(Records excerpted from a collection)
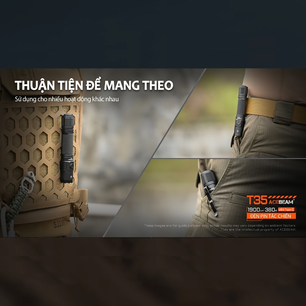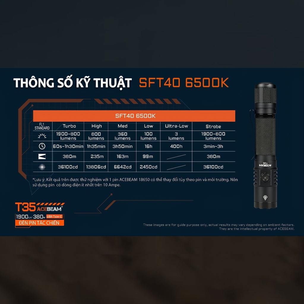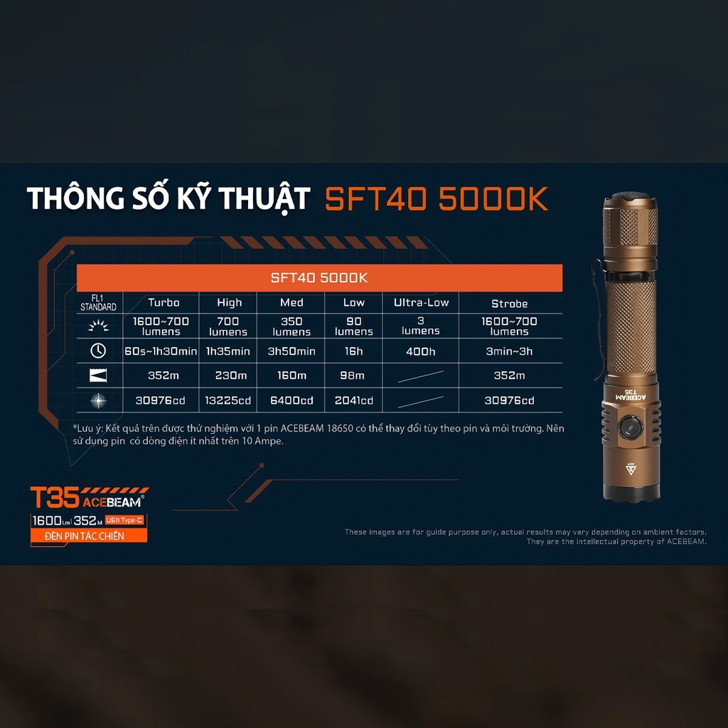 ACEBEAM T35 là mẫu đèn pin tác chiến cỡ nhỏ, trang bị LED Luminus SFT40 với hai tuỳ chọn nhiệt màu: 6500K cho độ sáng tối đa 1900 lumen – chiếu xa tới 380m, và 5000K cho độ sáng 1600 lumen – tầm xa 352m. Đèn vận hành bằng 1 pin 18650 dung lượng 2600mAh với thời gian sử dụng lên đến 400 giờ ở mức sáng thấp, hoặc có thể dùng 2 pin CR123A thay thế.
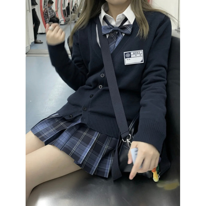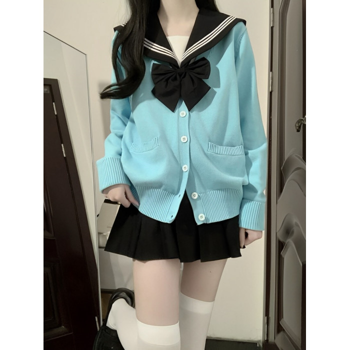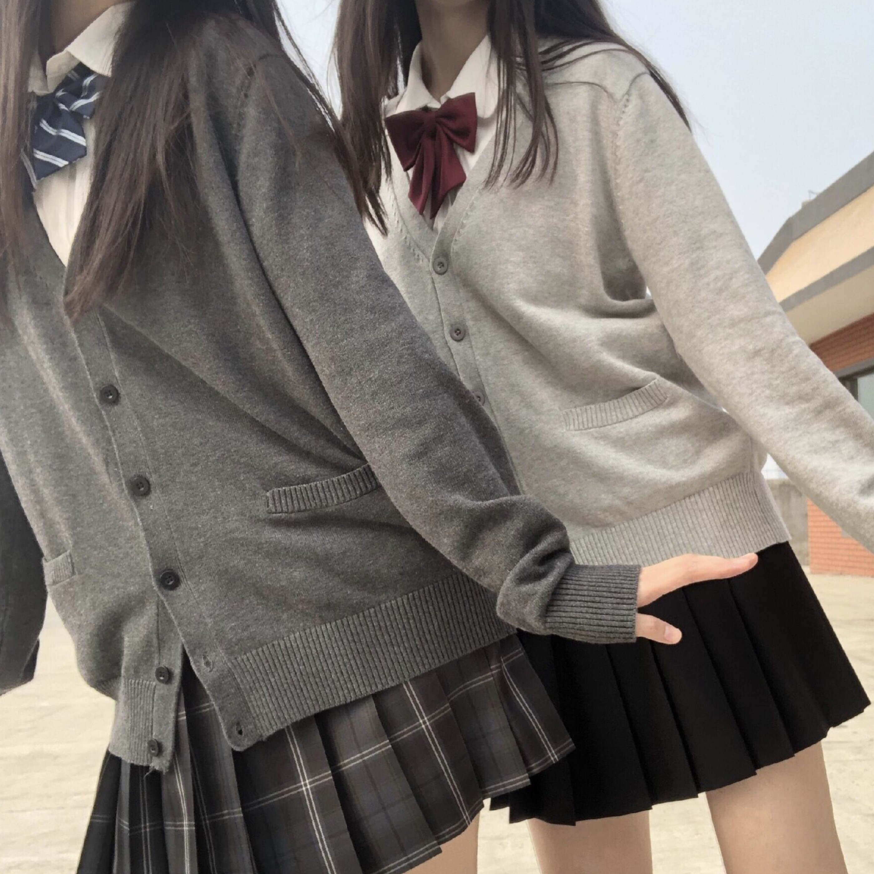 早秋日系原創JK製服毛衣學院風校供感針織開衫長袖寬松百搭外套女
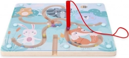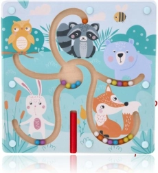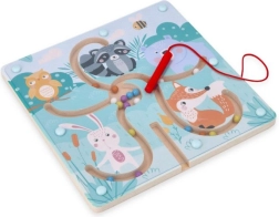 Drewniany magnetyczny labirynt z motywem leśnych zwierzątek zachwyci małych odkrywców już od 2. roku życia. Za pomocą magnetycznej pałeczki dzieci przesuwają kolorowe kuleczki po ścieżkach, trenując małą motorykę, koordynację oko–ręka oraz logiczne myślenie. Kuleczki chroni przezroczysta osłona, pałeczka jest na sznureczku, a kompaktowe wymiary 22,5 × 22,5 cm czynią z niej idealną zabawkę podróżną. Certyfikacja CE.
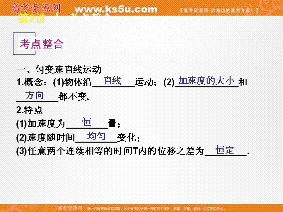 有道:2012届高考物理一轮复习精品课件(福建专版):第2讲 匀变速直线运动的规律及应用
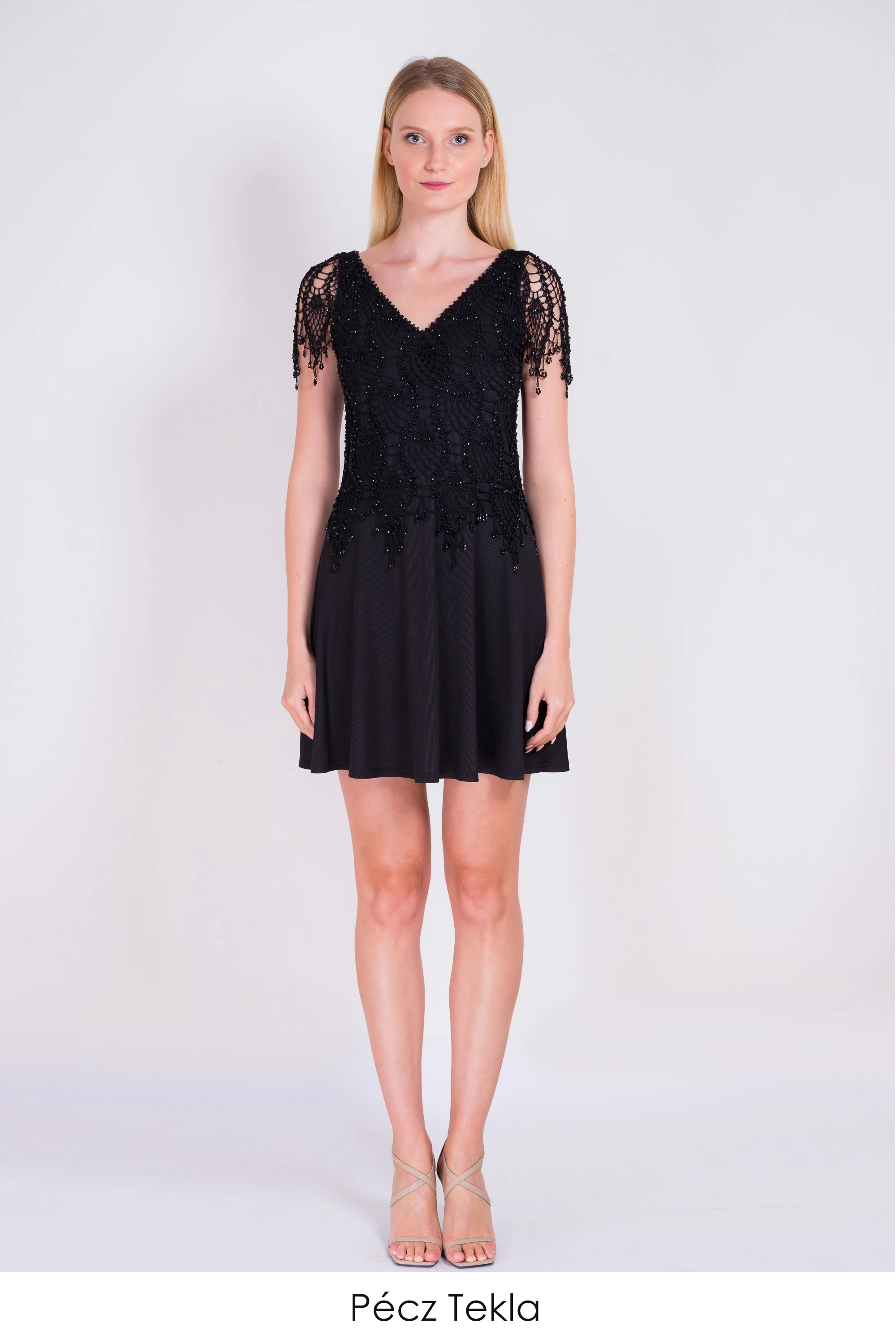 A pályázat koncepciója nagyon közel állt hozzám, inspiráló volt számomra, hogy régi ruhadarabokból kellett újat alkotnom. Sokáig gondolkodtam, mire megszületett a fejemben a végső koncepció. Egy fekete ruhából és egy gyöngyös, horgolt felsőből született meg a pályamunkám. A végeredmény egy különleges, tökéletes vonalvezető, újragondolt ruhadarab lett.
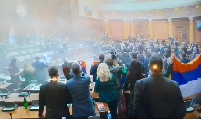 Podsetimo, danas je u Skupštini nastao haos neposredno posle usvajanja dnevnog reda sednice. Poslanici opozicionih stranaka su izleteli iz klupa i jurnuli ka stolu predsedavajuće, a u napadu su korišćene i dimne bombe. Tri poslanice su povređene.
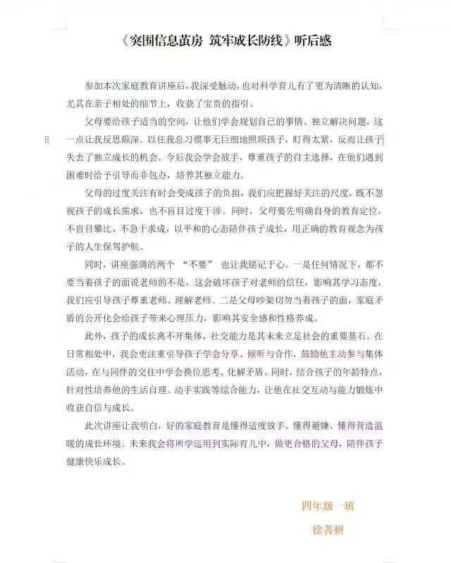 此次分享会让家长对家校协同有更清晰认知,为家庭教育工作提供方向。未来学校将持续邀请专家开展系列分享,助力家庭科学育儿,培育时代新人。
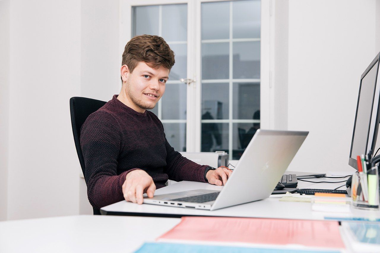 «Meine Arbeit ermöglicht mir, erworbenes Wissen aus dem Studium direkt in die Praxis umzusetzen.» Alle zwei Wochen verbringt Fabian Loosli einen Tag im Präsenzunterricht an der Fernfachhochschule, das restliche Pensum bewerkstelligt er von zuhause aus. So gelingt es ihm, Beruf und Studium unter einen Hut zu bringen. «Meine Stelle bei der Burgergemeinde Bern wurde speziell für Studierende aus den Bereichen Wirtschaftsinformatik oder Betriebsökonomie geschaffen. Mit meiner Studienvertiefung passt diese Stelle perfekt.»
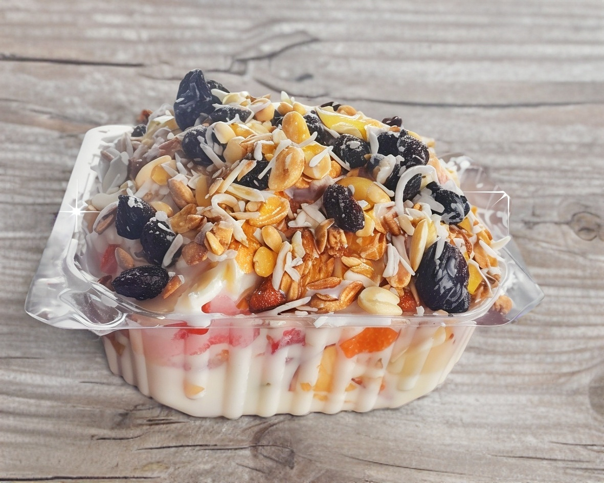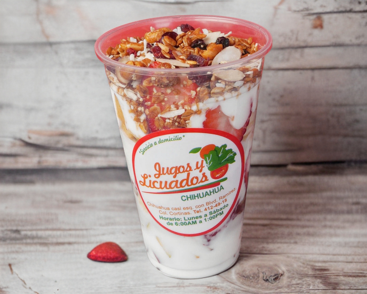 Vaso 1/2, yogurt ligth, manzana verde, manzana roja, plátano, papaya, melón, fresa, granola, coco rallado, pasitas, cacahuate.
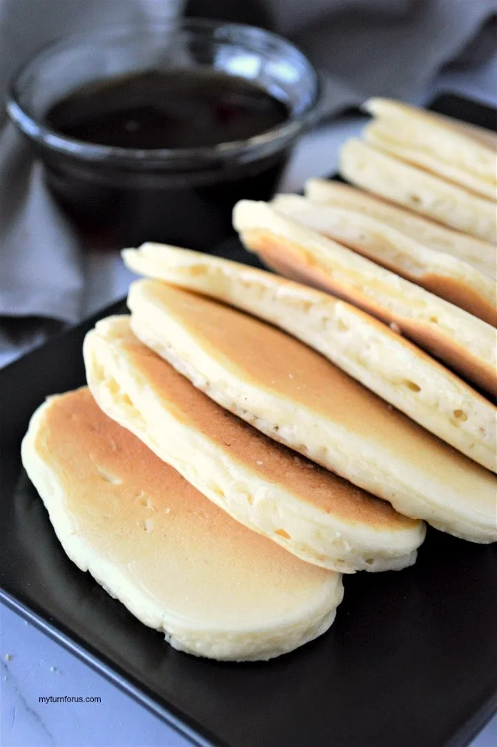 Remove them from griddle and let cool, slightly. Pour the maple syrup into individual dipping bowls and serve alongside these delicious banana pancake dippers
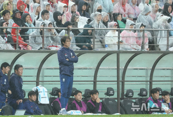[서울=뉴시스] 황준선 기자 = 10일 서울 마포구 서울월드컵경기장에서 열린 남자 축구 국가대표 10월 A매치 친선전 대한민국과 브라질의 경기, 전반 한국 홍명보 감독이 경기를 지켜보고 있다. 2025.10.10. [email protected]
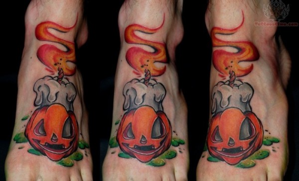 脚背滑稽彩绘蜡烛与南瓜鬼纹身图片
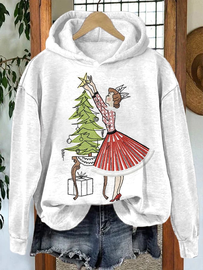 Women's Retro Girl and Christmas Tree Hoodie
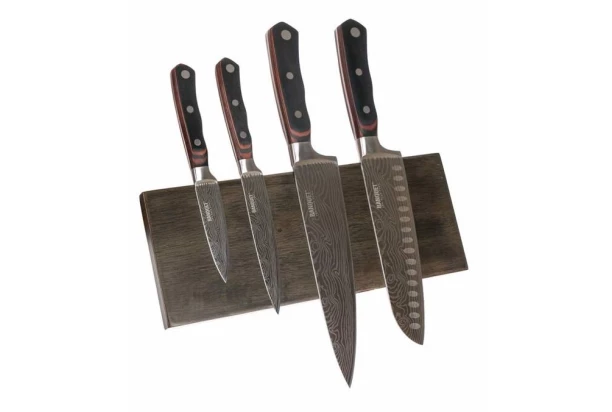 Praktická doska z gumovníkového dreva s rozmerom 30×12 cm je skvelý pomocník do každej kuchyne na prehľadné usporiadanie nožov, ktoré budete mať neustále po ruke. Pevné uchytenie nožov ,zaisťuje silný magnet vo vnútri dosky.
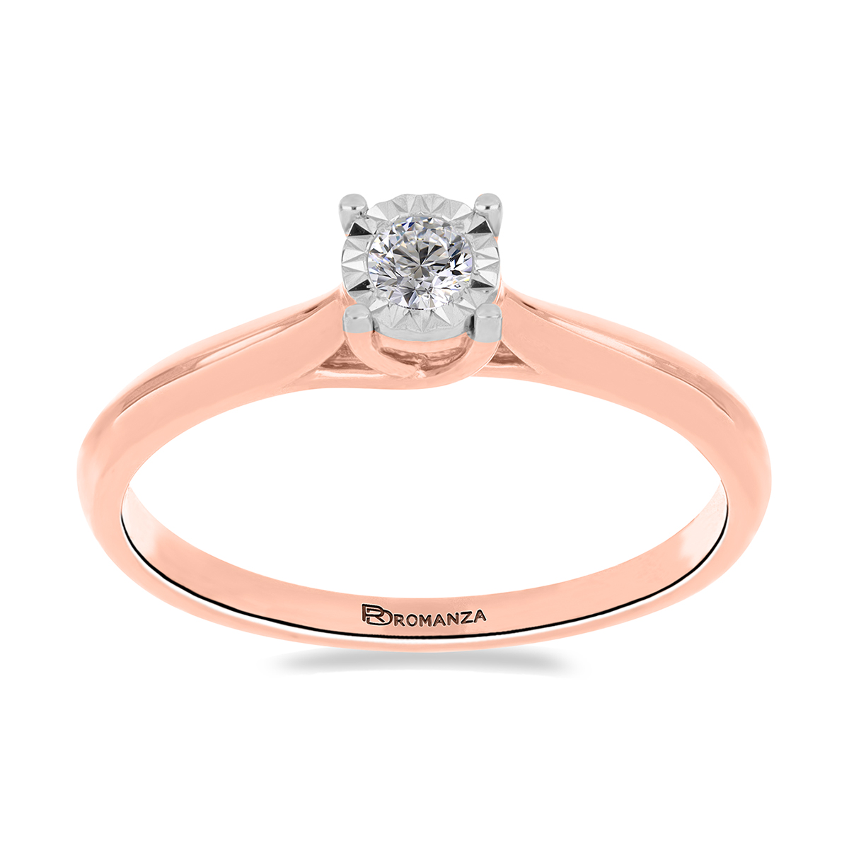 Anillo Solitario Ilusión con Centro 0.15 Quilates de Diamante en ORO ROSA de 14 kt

**What you need to do**
Print exactly the lines running from the start of the entries above to the line with "Drewniany magnetyczny labirynt", both included; leave out any pictures.

**Written solution**
 ACEBEAM T35 là mẫu đèn pin tác chiến cỡ nhỏ, trang bị LED Luminus SFT40 với hai tuỳ chọn nhiệt màu: 6500K cho độ sáng tối đa 1900 lumen – chiếu xa tới 380m, và 5000K cho độ sáng 1600 lumen – tầm xa 352m. Đèn vận hành bằng 1 pin 18650 dung lượng 2600mAh với thời gian sử dụng lên đến 400 giờ ở mức sáng thấp, hoặc có thể dùng 2 pin CR123A thay thế.
 早秋日系原創JK製服毛衣學院風校供感針織開衫長袖寬松百搭外套女
 Drewniany magnetyczny labirynt z motywem leśnych zwierzątek zachwyci małych odkrywców już od 2. roku życia. Za pomocą magnetycznej pałeczki dzieci przesuwają kolorowe kuleczki po ścieżkach, trenując małą motorykę, koordynację oko–ręka oraz logiczne myślenie. Kuleczki chroni przezroczysta osłona, pałeczka jest na sznureczku, a kompaktowe wymiary 22,5 × 22,5 cm czynią z niej idealną zabawkę podróżną. Certyfikacja CE.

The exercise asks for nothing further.